The workflow of urine biomarker discovery in bladder cancer

Materials and methods

Chemicals and reagents

Formic acid was of analytical grade and obtained from Sigma-Aldrich (St. Louis, MO, USA). Methanol (Optima LC-MS grade), acetonitrile (Optima LC-MS grade), and isopropanol (Optima LC-MS grade) were purchased from Thermo Fisher Scientific (FairLawn, NJ, USA). Sable isotope-labeled internal standards and the derivatization regents, 3-nitrophenylhydrazine (3-NPH) and N-(3-(dimethylamino)propyl)-N′-ethylcarbodiimide (EDC)·HCl were purchased from Sigma-Aldrich (St. Louis, MO, USA). Ultra-pure water was produced by a Milli-Q system equipped with a LC-MS Pak filter (Millipore, Billerica, MA, USA).

All of the standards were purchased from TRC Chemicals (Toronto, ON, Canada), Sigma-Aldrich (St. Louis, MO, USA) and Steraloids Inc. (Newport, RI, USA). They were accurately weighed and dissolved in appropriate solutions to obtain individual stock solutions at the concentration of 5.0 mg mL− 1. Appropriate amount of each stock solution was mixed to get stock calibration solutions.

Apparatus

An ultra-performance liquid chromatography coupled to tandem mass spectrometry (ACQUITY UPLC-Xevo TQ-S, Waters Corp., Milford, MA, USA) with an electrospray ionization (ESI) source was operated under positive and negative ion modes for the quantitation of metabolites. The UPLC-MS system was controlled by MassLynx 4.1 software. The chromatographic separations were carried out by an ACQUITY BEH C18 column (100 mm × 2.1 mm, 1.7 μm) (Waters, Milford, MA) at a flow rate of 0.4 mL min− 1. The mobile phases were consisted of 0.1% formic acid in water (solvent A) and acetonitrile/isopropanol (70:30, v:v) (solvent B), and a gradient elution program was set as follows: 0–1 min, 5% B; 1–5 min, 5–30% B; 5–9 min, 30–50% B; 9–12 min, 50–79% B; 12–15 min, 78–95% B; 15–16 min, 95–100% B; 16–18 min, 100% B. The main parameters of ESI source were optimized and adopted as follows: 1.2 kV (ESI−) and 3.2 kV (ESI+) of capillary voltage, 150 °C of source temperature, 550 °C of desolvation temperature, and 1200 L h− 1 of desolvation gas flow (N2). Collision-induced dissociation (CID) activation was used for the MS/MS fragmentation with an isolation width of m/z 3.0.

Clinical samples

A total of 44 subjects, including 29 BC patients (BCs) and 15 healthy controls (HCs), were recruited at the First Affiliated Hospital, Zhejiang University School of Medicine. Among the collected BC patients, 19 were classified into high stage and 10 were low stage.

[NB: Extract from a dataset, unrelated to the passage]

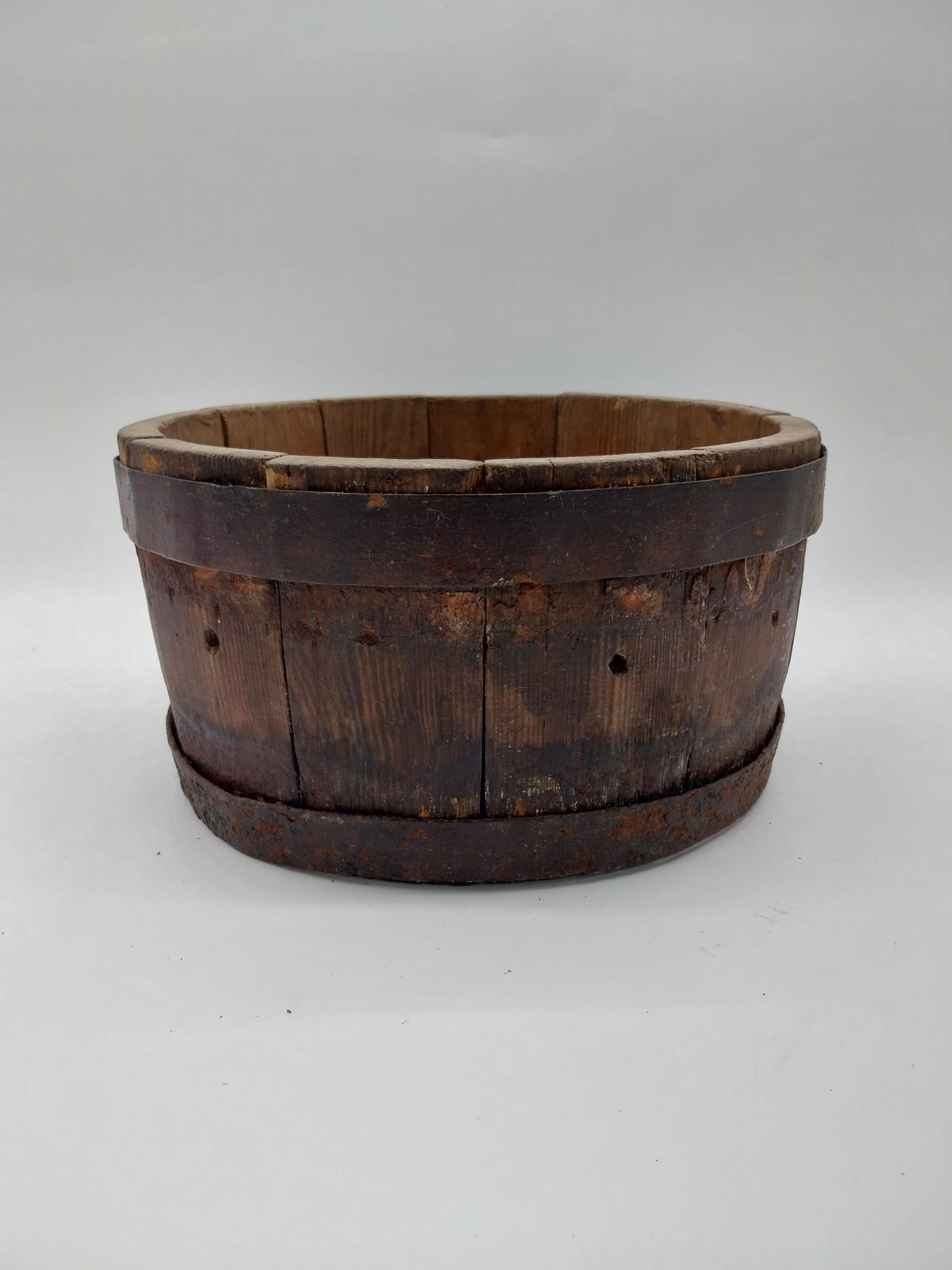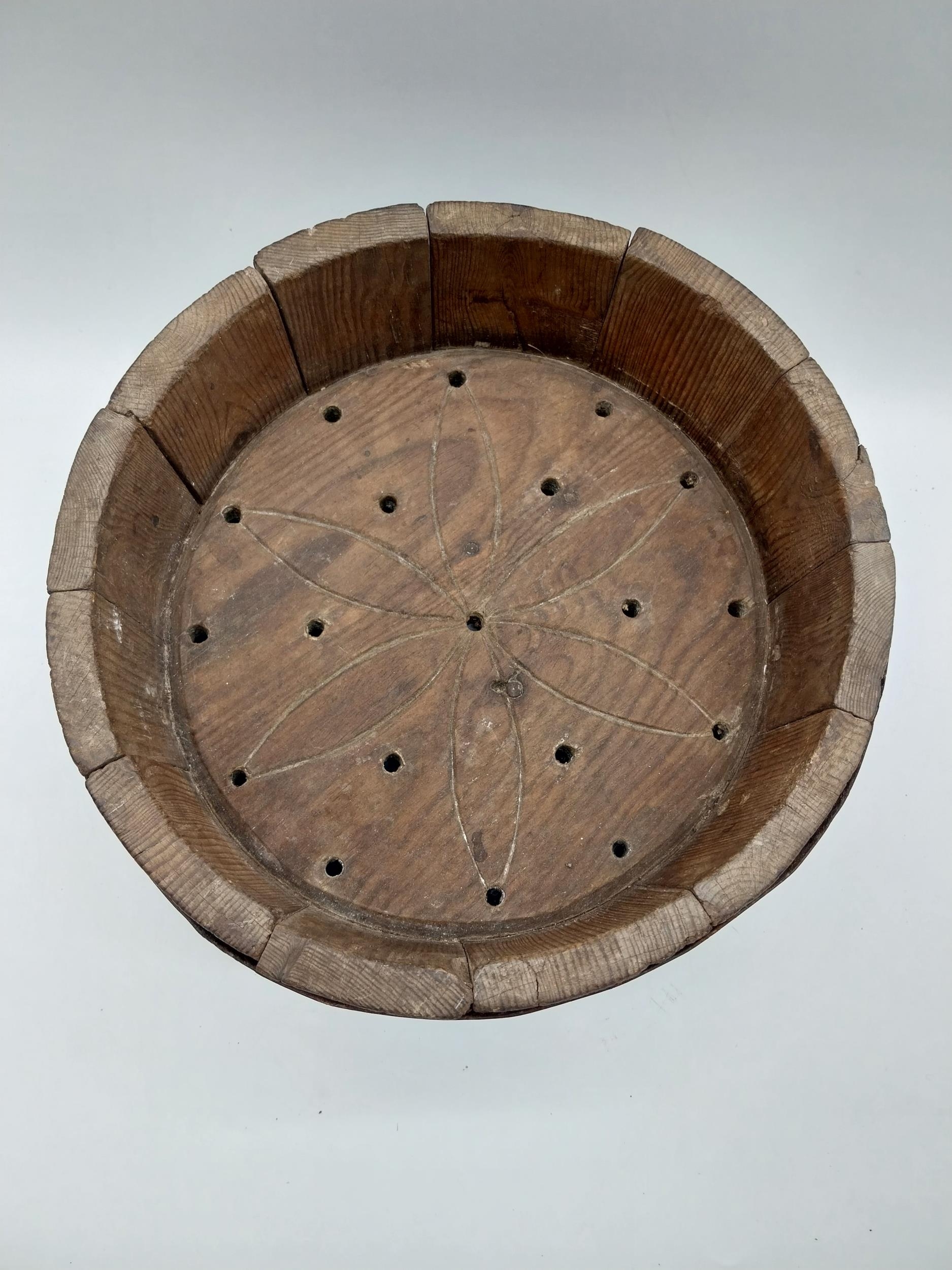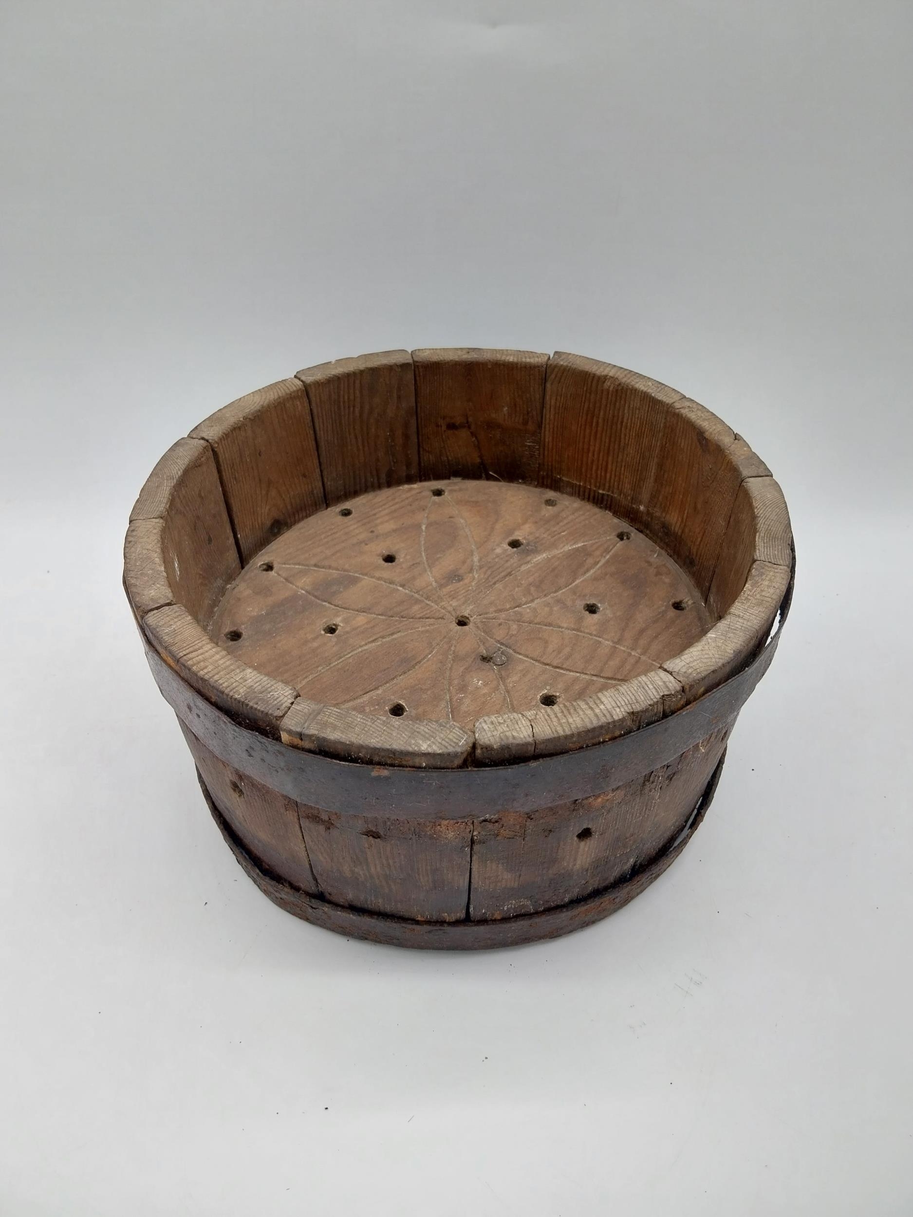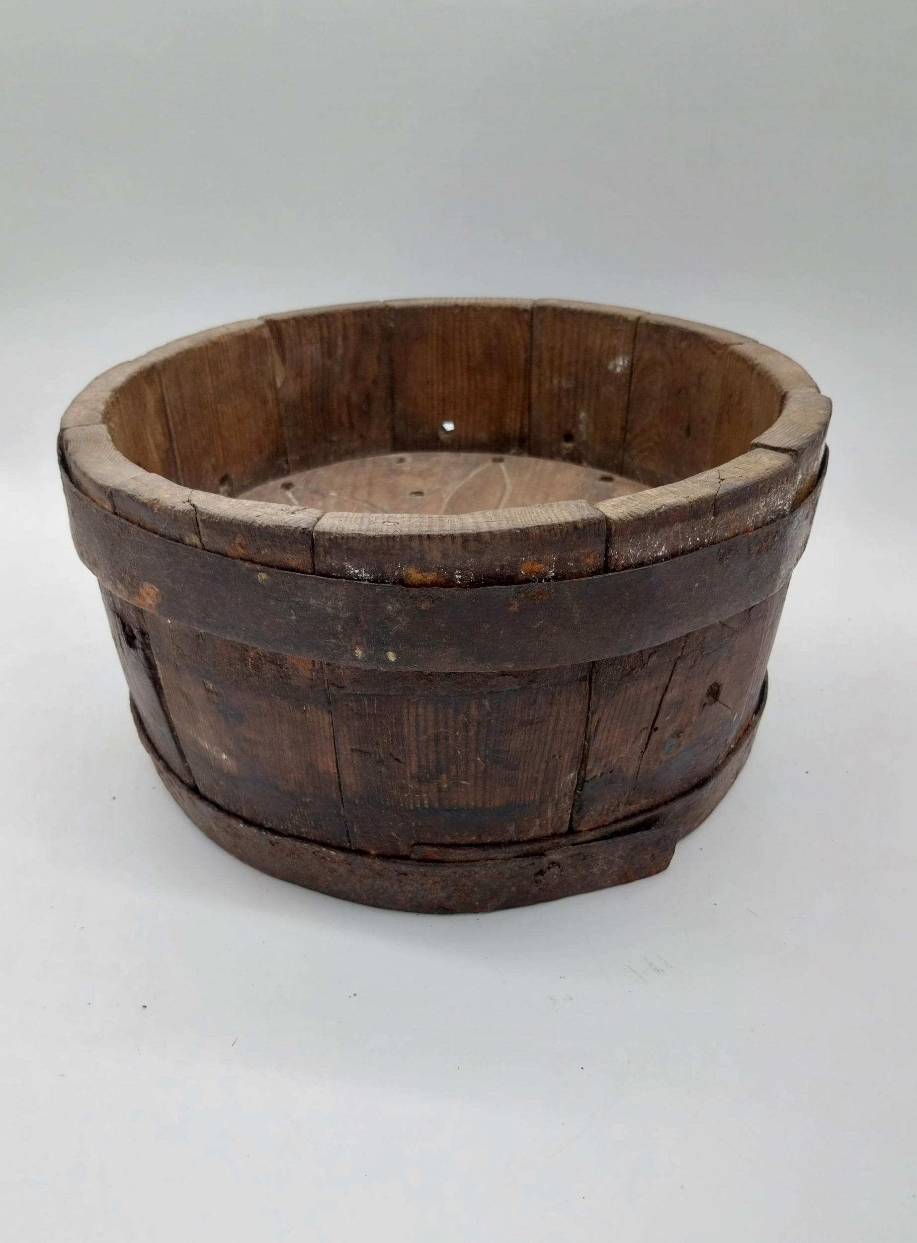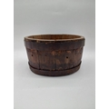 19th C. oak metal bound cheese press. {16 cm H x 30 cm Dia.}.

The detailed information was showed in the supplementary materials Table S1. The experiment was approved by Zhejiang University Institutional Review Board, and informed consent forms were obtained from all participants. The diagnosis, staging and other information of BCs were obtained from the database for inpatients of the First Affiliated Hospital. The midstream urine was freshly collected in the morning after overnight fasting, then transferred into an Eppendorf tube, which was stored at − 80 °C before use.

Urine sample preparation

Metabolomics analysis on urine samples was conducted by using the Q300 Metabolite Assay Kit (Human Metabolomics Institute, Inc., Shenzhen, Guangdong, China), referring to reported method with some modifications [21]. In brief, samples were firstly thawed on the ice-bath to reduce sample degradation. Then, 25 μL of urine was added to a 96-well plate, which was loaded to the Biomek 4000 workstation (Biomek 4000, Beckman Coulter, Brea, California, USA) [21]. The cold methanol containing partial internal standards was automatically added to each sample, and the samples were subsequently vortexed for 5 min [22]. After centrifugation for 30 min at 4000×g (Allegra X-15R, Beckman Coulter, Indianapolis, IN, USA), 30 μL of supernatant and 20 μL of fresh derivative reagents (200 mM 3-NPH in 75% methanol and 96 mM EDC-6% pyridine solution in methanol) were added to each well of a new clean 96-well plate [22]. After derivatization at 30 °C for 60 min, each sample was diluted by 350 μL of cold 50% methanol and stored at − 20 °C for 20 min. After centrifugation with the conditions of 4000×g and 4 °C for 30 min, 135 μL of supernatant and 15 μL of internal standards were added to each well on a new 96-well plate. And the remaining wells were filled with serial diluted derivatized stock standards. At last, the sample plate was sealed for the subsequent UPLC-MS analysis.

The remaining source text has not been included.